Thesis: Neural nets can implicitly learn small, reusable programs (sin/cos, sorting, date arithmetic, unit conversion) encoded as superpositions in their weights. We should extract these programs into explicit, verifiable modules and make models call them, reducing parameter bloat, improving generalization, and enabling updates without retraining. If this works well we'll next tackle composability, i.e. a 'neural linker' step.
Motivation: Storing algorithms in weights is opaque, hard to update, and redundancy-prone. If a net "knows" trig, a calendar, or a regex engine, we should externalize them as code and prune the corresponding circuits.
Idea: Build a compiler that maps network behaviors on targeted subspaces into a small typed intermediate representation of numerical and symbolic modules, with verification tests and equivalence checks.
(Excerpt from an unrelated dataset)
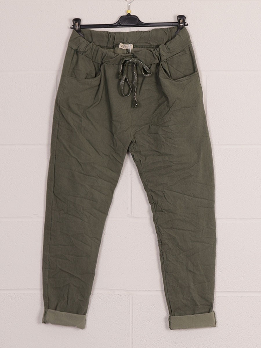 Experience the perfect blend of style and functionality with these Army Green Italian Plain Magic Pants. Crafted for a sleek, tailored look, they feature convenient side pockets for practicality without compromising elegance. Ideal for both professional and casual settings, these pants offer comfort and versatility, making them a smart addition to any wardrobe.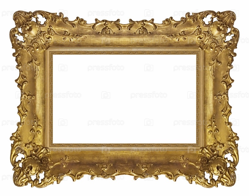 Золотая рама для картин, зеркал или фотографий, изолированных на белом фоне

Replace the discovered circuit with a call to the extracted module.
Approach:
- Scope: Identify candidate latent programs by probing for low-entropy, low-rank, highly repeatable behaviors at specific layers/heads like 'angle to sin(angle)', 'string to match(pattern)'.
- Specification mining: Generate test benches using counterfactual inputs, invariance checks (e.g. sin(x+2pi)=sin(x)), and smoothness/periodicity detectors, then fit candidates from a library (trig, polynomials, finite-state transducers, arithmetic, set ops).
- Synthesis: Use hybrid methods-sparse identification of nonlinear dynamics (SINDy-style), symbolic regression, and enumerative search over a compact IR (typed SSA with vector ops, conditionals, and bounded loops).
- Verification: Run equivalence tests against the original subnetwork over adversarial and randomized inputs, then certify error bounds and input domain. If verified, freeze/retire the circuit and insert a differentiable "call-module" stub with gradients routed to arguments, not the replaced weights.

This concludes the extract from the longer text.